• **What is being asked**:
Without the pictures, set down every record below exactly as it reads.

• **Exercise material**:

__________________________________________________

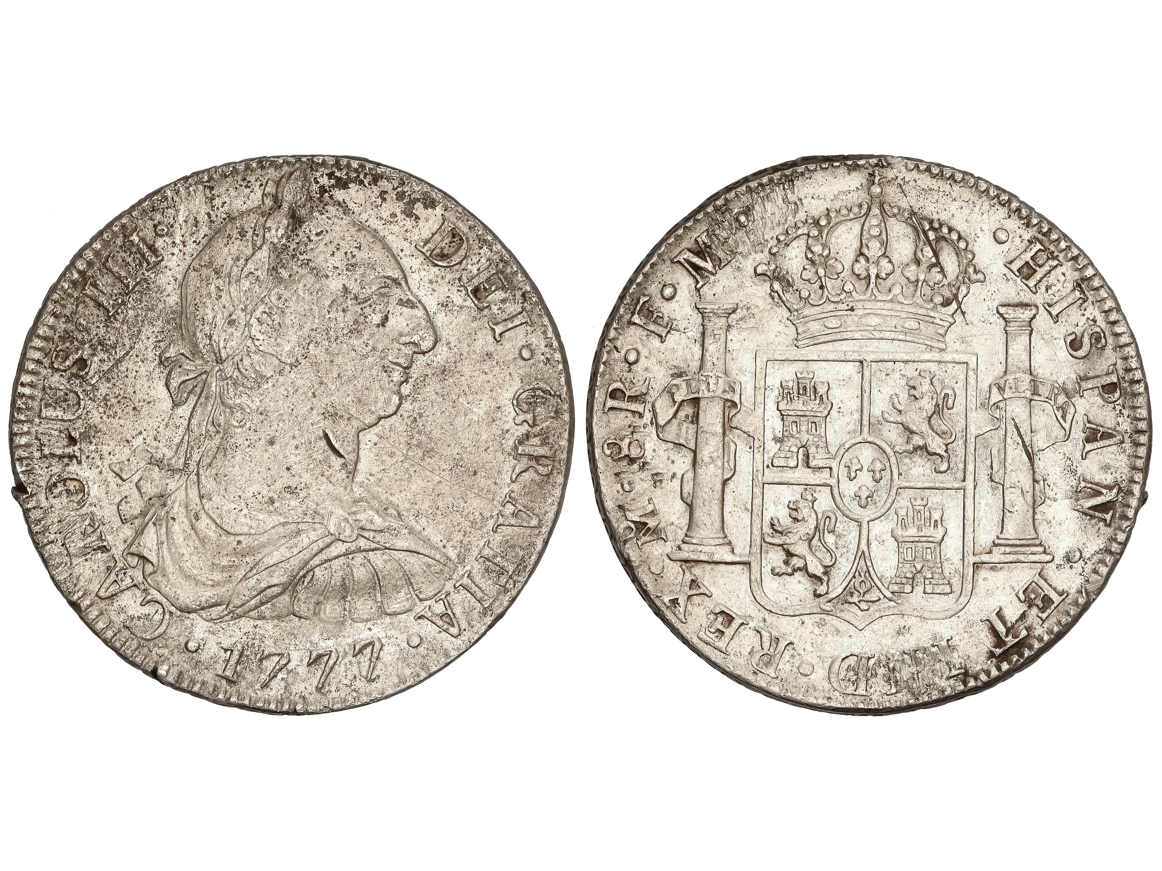8 Reales. 1777. MÉXICO. F.M. 26,45 grs. (Rayitas, prueba de metal en canto y leves oxidaciones). AC-1112. (MBC/MBC+).
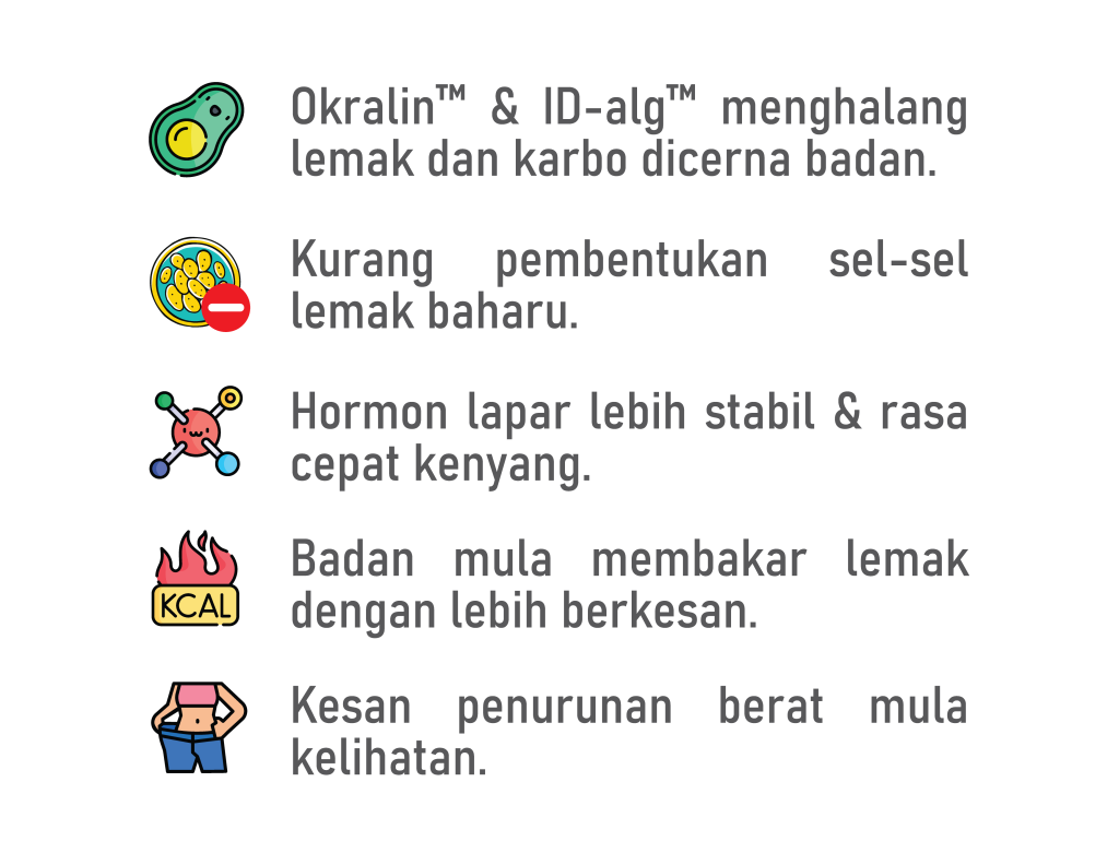 KYLOCUT menghalang penyerapan lemak dalam usus dan meningkatkan metabolisme lemak, menjadikan badan sistem pembakar kalori yang lebih efisien.
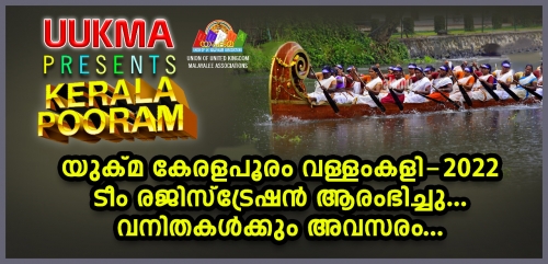 യുക്മ (യൂണിയന് ഓഫ് യു.കെ മലയാളി അസോസിയേഷന്സ്) ജനകീയ പങ്കാളിത്തത്തോടെ നടത്തുന്ന 'കേരളാ പൂരം 2022'നോട് അനുബന്ധിച്ചുള്ള വള്ളംകളി മത്സരത്തിന് ടീം രജിസ്ട്രേഷന് അപേക്ഷകള് ക്ഷണിക്കുന്നതായി ഇവന്റ് ഓര്ഗനൈസര് അഡ്വ. എബി സെബാസ്റ്റ്യന് അറിയിച്ചു.
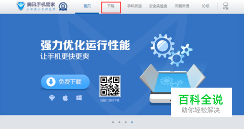 可以登录腾讯手机管家的官网: 在电脑浏览器地址栏输入官网网址:
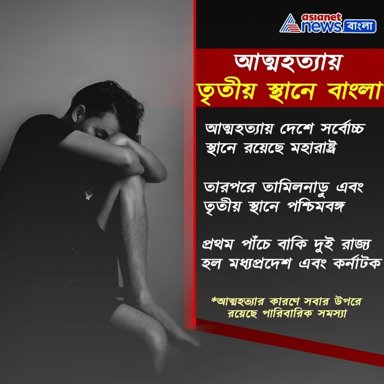 দেশ তথা রাজ্যে নিরন্তর আত্মহত্য়ার পথে হেঁটেছে অগুণতি মানুষ। সেই তালিকায় সাধারণ থেকে সেলেব কেউ বাদ যায়নি। কেউবা নিজে হাতে লিখেই মৃত্যুর আগে কারণ জানিয়ে গিয়েছে। কারও আবার ময়নাতদন্তে রিপোর্টে উঠে এসেছে আত্মহত্য়ার আসল কারণ। তবে ৩২.৪ শতাংশ আত্মহত্যার জন্য পারিবারিক কারণ দায়ী। এবং আত্মহত্যার সংখ্যা প্রায় প্রতিবছরই বেড়ে চলেছে।এনসিআরবি-র তথ্য অনুযায়ী, আত্মহত্যায় দেশে সর্বোচ্চ স্থানে রয়েছে মহারাষ্ট্র। তার পরে তামিলনাড়ু এবং তৃতীয় স্থানে পশ্চিমবঙ্গ।
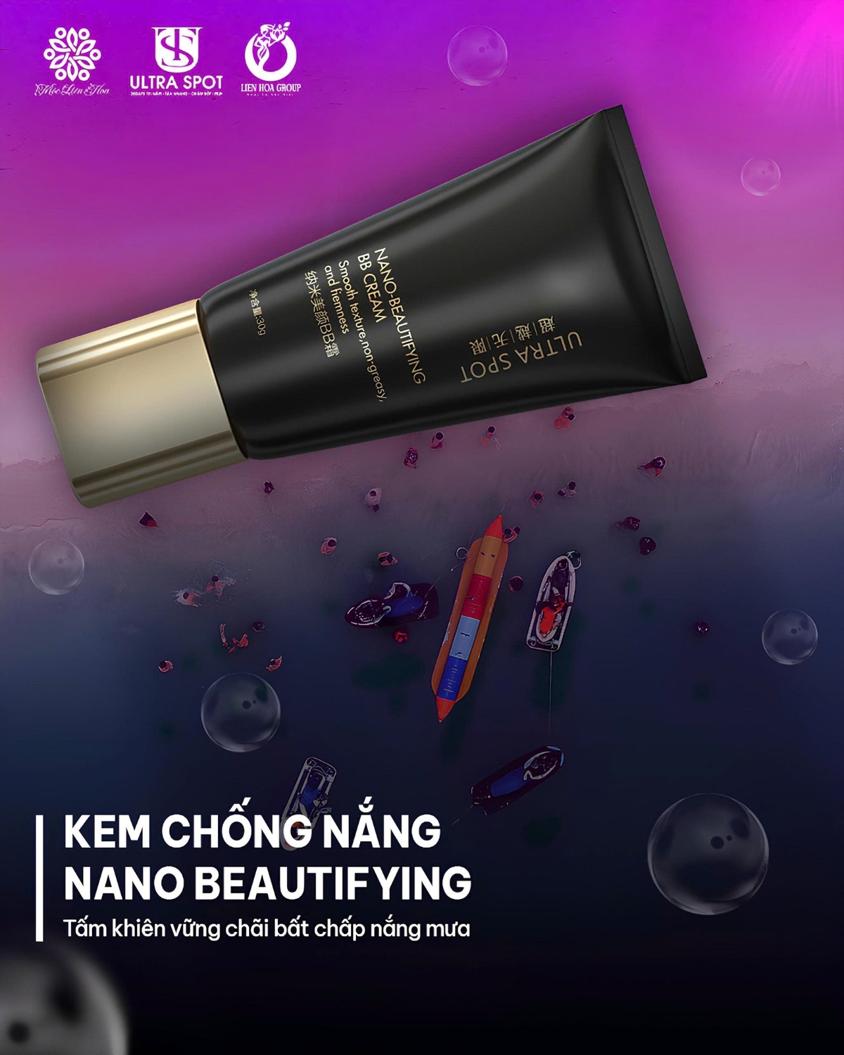 Kem Chống Nắng BB Cream Nano của thương hiệu mỹ phẩm ULTRA SPOT với tính năng 3 trong 1, phát huy 3 khả năng tác động chỉ trong một sản phẩm. Kem chống nắng BB Cream Nano vừa có tác dụng vật lý ngăn chặn sự tác động của tia UVA/UVB trên làn da, vừa có tác dụng hóa học tạo nên phản ứng hòa tan các tác nhân của tia bức xạ từ ánh nắng mặt trời. Với chỉ số SPF 50 vừa phải và chỉ số PA+++ hoàn toàn có thể bảo vệ làn da trong suốt thời gian dài lên đến 8 giờ liên tục. Sản phẩm hoàn toàn không thấm nước lại lên màu da như lớp kem nền, vừa bảo vệ da vừa làm đẹp.
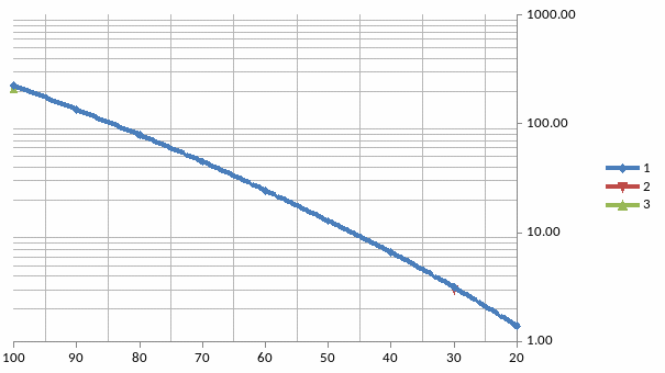 | 20 | 1,6 | 3,47 | 7,19 | 13,9 | 26,65 | 48,86 | 86,11 | 147,98 | 246,06 | |

__________________________________________________

• **Response for this exercise**:
8 Reales. 1777. MÉXICO. F.M. 26,45 grs. (Rayitas, prueba de metal en canto y leves oxidaciones). AC-1112. (MBC/MBC+).
 KYLOCUT menghalang penyerapan lemak dalam usus dan meningkatkan metabolisme lemak, menjadikan badan sistem pembakar kalori yang lebih efisien.
 യുക്മ (യൂണിയന് ഓഫ് യു.കെ മലയാളി അസോസിയേഷന്സ്) ജനകീയ പങ്കാളിത്തത്തോടെ നടത്തുന്ന 'കേരളാ പൂരം 2022'നോട് അനുബന്ധിച്ചുള്ള വള്ളംകളി മത്സരത്തിന് ടീം രജിസ്ട്രേഷന് അപേക്ഷകള് ക്ഷണിക്കുന്നതായി ഇവന്റ് ഓര്ഗനൈസര് അഡ്വ. എബി സെബാസ്റ്റ്യന് അറിയിച്ചു.
 可以登录腾讯手机管家的官网: 在电脑浏览器地址栏输入官网网址:
 দেশ তথা রাজ্যে নিরন্তর আত্মহত্য়ার পথে হেঁটেছে অগুণতি মানুষ। সেই তালিকায় সাধারণ থেকে সেলেব কেউ বাদ যায়নি। কেউবা নিজে হাতে লিখেই মৃত্যুর আগে কারণ জানিয়ে গিয়েছে। কারও আবার ময়নাতদন্তে রিপোর্টে উঠে এসেছে আত্মহত্য়ার আসল কারণ। তবে ৩২.৪ শতাংশ আত্মহত্যার জন্য পারিবারিক কারণ দায়ী। এবং আত্মহত্যার সংখ্যা প্রায় প্রতিবছরই বেড়ে চলেছে।এনসিআরবি-র তথ্য অনুযায়ী, আত্মহত্যায় দেশে সর্বোচ্চ স্থানে রয়েছে মহারাষ্ট্র। তার পরে তামিলনাড়ু এবং তৃতীয় স্থানে পশ্চিমবঙ্গ।
 Kem Chống Nắng BB Cream Nano của thương hiệu mỹ phẩm ULTRA SPOT với tính năng 3 trong 1, phát huy 3 khả năng tác động chỉ trong một sản phẩm. Kem chống nắng BB Cream Nano vừa có tác dụng vật lý ngăn chặn sự tác động của tia UVA/UVB trên làn da, vừa có tác dụng hóa học tạo nên phản ứng hòa tan các tác nhân của tia bức xạ từ ánh nắng mặt trời. Với chỉ số SPF 50 vừa phải và chỉ số PA+++ hoàn toàn có thể bảo vệ làn da trong suốt thời gian dài lên đến 8 giờ liên tục. Sản phẩm hoàn toàn không thấm nước lại lên màu da như lớp kem nền, vừa bảo vệ da vừa làm đẹp.
 | 20 | 1,6 | 3,47 | 7,19 | 13,9 | 26,65 | 48,86 | 86,11 | 147,98 | 246,06 | |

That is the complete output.